Library analogy: the librarian records new books and changes; readers search efficiently in a catalog view.
Event Sourcing in One Sentence
Event Sourcing stores the history of changes as an append‑only stream of immutable events; the “current state” is derived by replaying that stream.
Bank statement analogy: your balance is computed from transactions, not stored as the single truth.
Architecture Map: Commands → Events → Projections
High‑level flow:
Client ──Command──▶ Command Handler ──append events──▶ Event Store
│
└──▶ Event Bus / Dispatcher ──▶ Projections ──▶ Read Store
Client ◀──────────── Query Handler / Read API ────────┘
Key idea: write model is authoritative, read model is derived.
Domain: Product Catalog (Minimal but Real)
We’ll treat each Product as an Aggregate Root (the transaction boundary on the write side).
Rules:
- Product name required.
- Price must be >= 0.
- Updates must be concurrency‑safe.
Write Side
Commands
Commands represent intent, not state.
public sealed record AddProduct(Guid ProductId, string Name, decimal Price);
public sealed record UpdateProductPrice(Guid ProductId, decimal Price);
Events (Immutable)
Events represent facts that happened. Never mutate them.

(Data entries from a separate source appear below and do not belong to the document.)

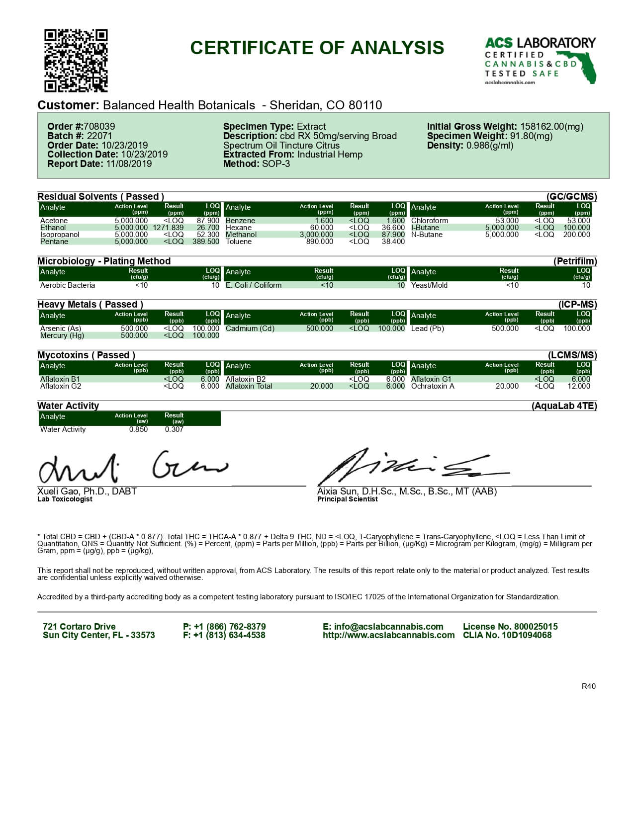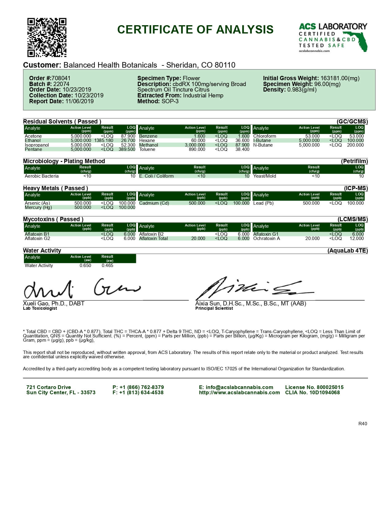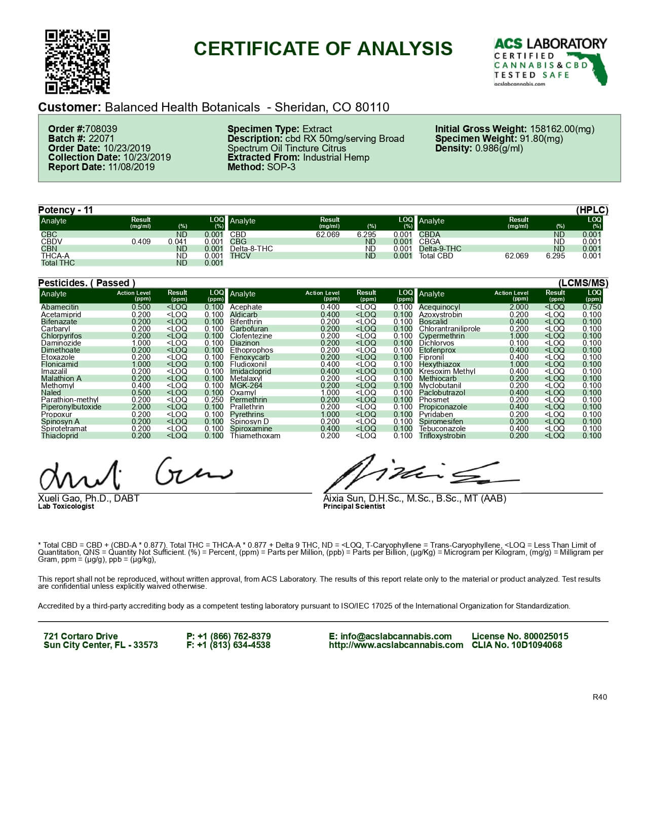 CBDistillery Rx CBD Tincture Broad Spectrum Citrus Lab Report important details about vaping products.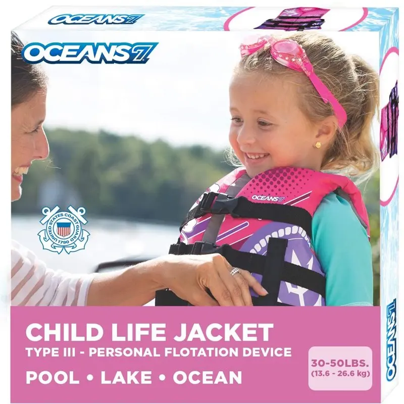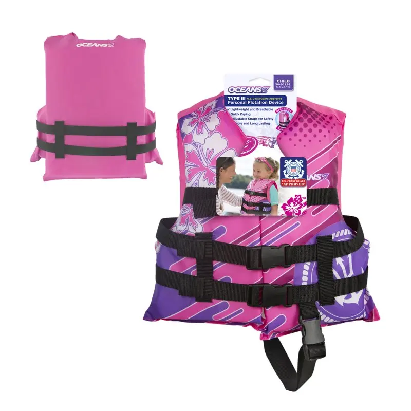 Детский спасательный жилет с открытыми боками, прочный, легкий, 30-50 фунтов, розовый/фиолетовый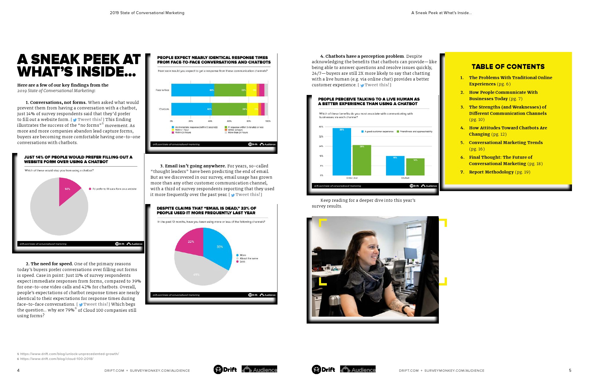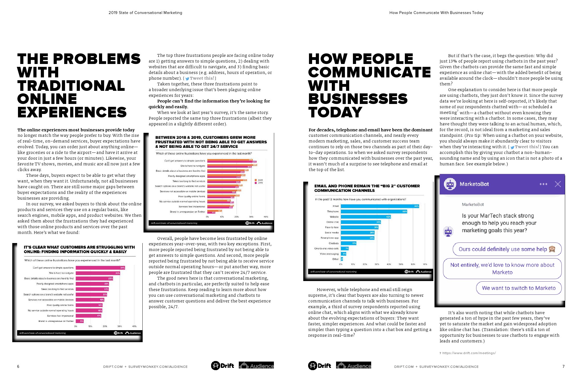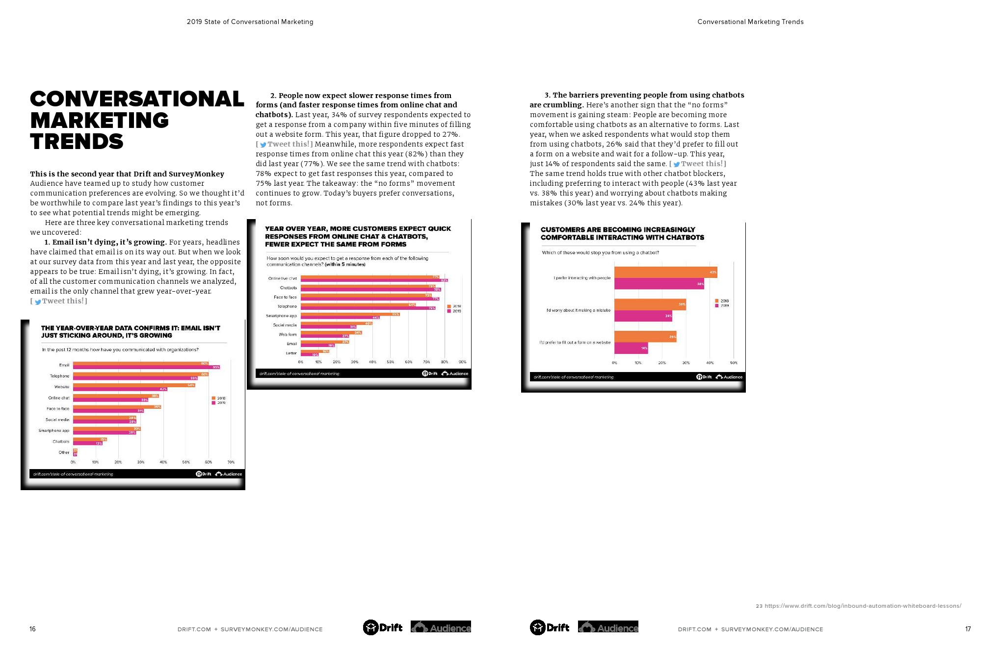大多数消费者仍然主要通过电子邮件和电话与企业进行通信。Drift和SurveyMonkey调查了1000多名消费者,希望了解他们与企业沟通的方式。一些人越来越热衷于使用在线聊天的想法,1/3的受访者表示他们在过去12个月使用过这种交流渠道。另一方面,聊天机器人作为一种沟通渠道尚未完全流行,只有13%的受访者表示他们在过去一年使用聊天机器人与企业进行过沟通。企业承认,客户更喜欢与人互动,而不是聊天机器人或虚拟助手,尽管2017-2018年提供在线聊天的企业数量不断增加。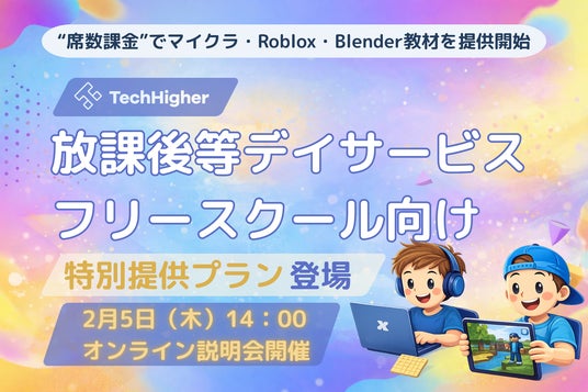 10代向けデジタル人材育成サービス TechHigher を運営する株式会社エクシード(本社:東京都渋谷区、代表取締役:澤部愛子)は、、放課後等デイサービスおよびフリースクール向けに、運営実態に合わせて設計した「マイクラ・Roblox・Blender教材 特別提供プラン」を2026年2月より提供開始します。
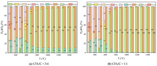In the absence of reduction gas, the definition of the distribution of carbon is consistent with that in the carbon fixation reactor (Equation (15)). However, when CH4 is utilized as a reducing gas, carbon deposition occurs, and the rate of carbon deposition (CDC) equates to Equation (16) where Ci represents solid C.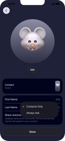 Press the name fields and follow the instructions on the screen to edit your name on the Contact Poster.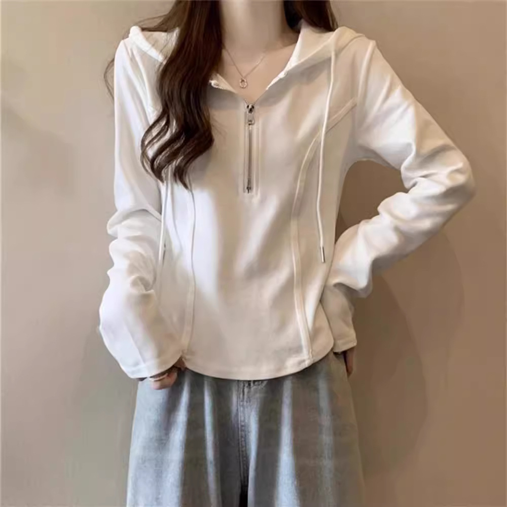 白い長袖tシャツの女性の新しいデザイン感のあるセーターの中に初秋には、シャツの短い上着の夏のファッションを着ています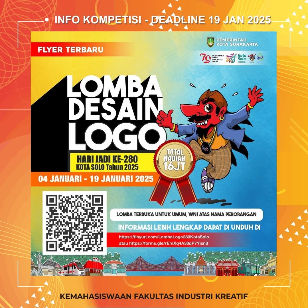 Informasi selengkapnya bisa didapatkan melalui link https://tinyurl.com/LombaLogo280KotaSolo , https://forms.gle/rEmXq4A38qP7Yisn8 , atau Scan barcode pada Flyer.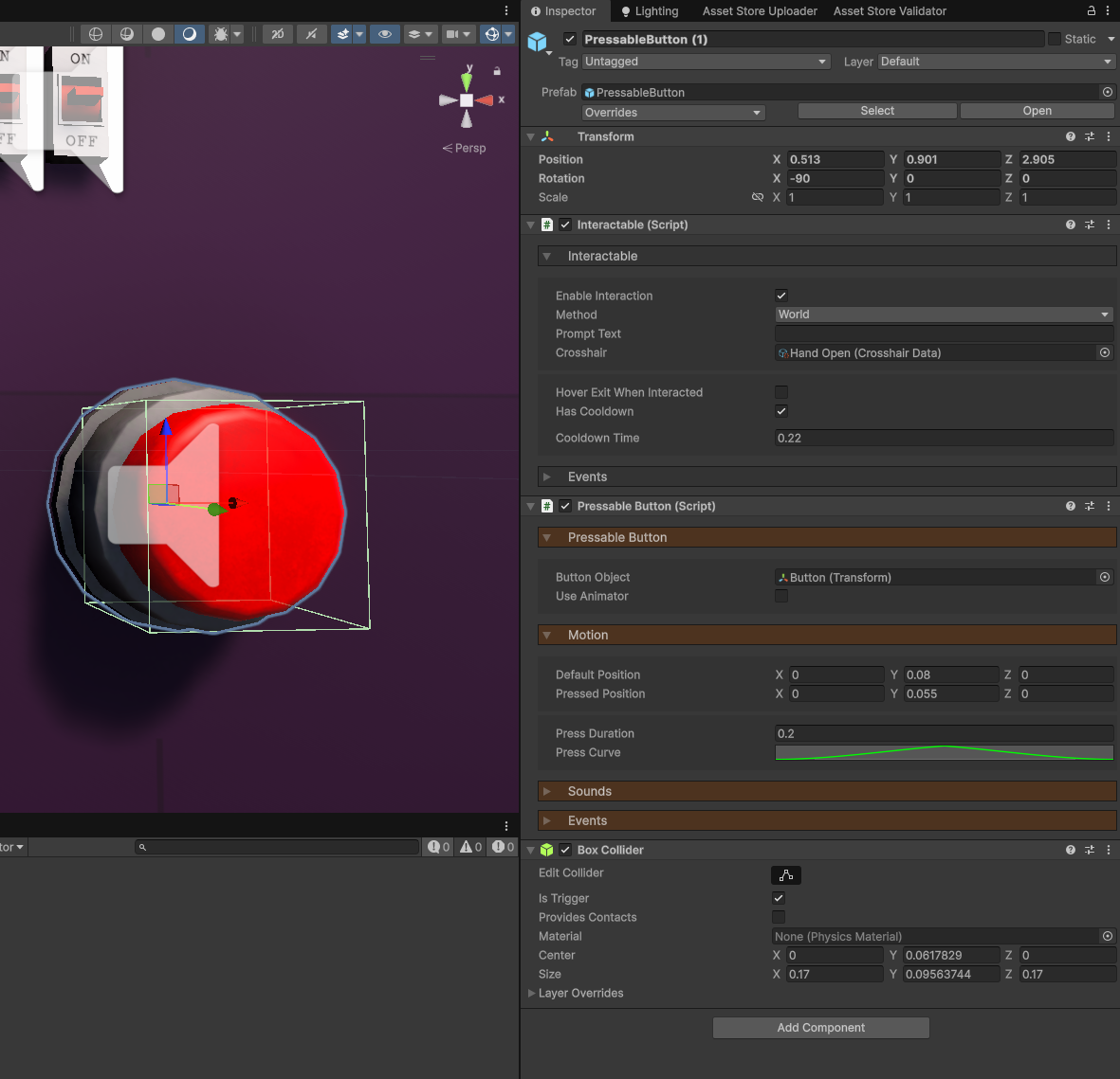 - Interactable - Used to detect when the player is looking at the button.

public interface IDomainEvent
{
Guid AggregateId { get; }
long Version { get; init; } // assigned by store
DateTimeOffset AtUtc { get; init; } // assigned by store
}
public sealed record ProductAdded(Guid AggregateId, string Name, decimal Price) : IDomainEvent
{
public long Version { get; init; }
public DateTimeOffset AtUtc { get; init; }
}
public sealed record ProductPriceUpdated(Guid AggregateId, decimal Price) : IDomainEvent
{
public long Version { get; init; }
public DateTimeOffset AtUtc { get; init; }
}
Pro tip: Keep events small, stable, and meaningful. “Event explosion” is real.
Aggregate Root + Apply
The aggregate rebuilds state by applying events.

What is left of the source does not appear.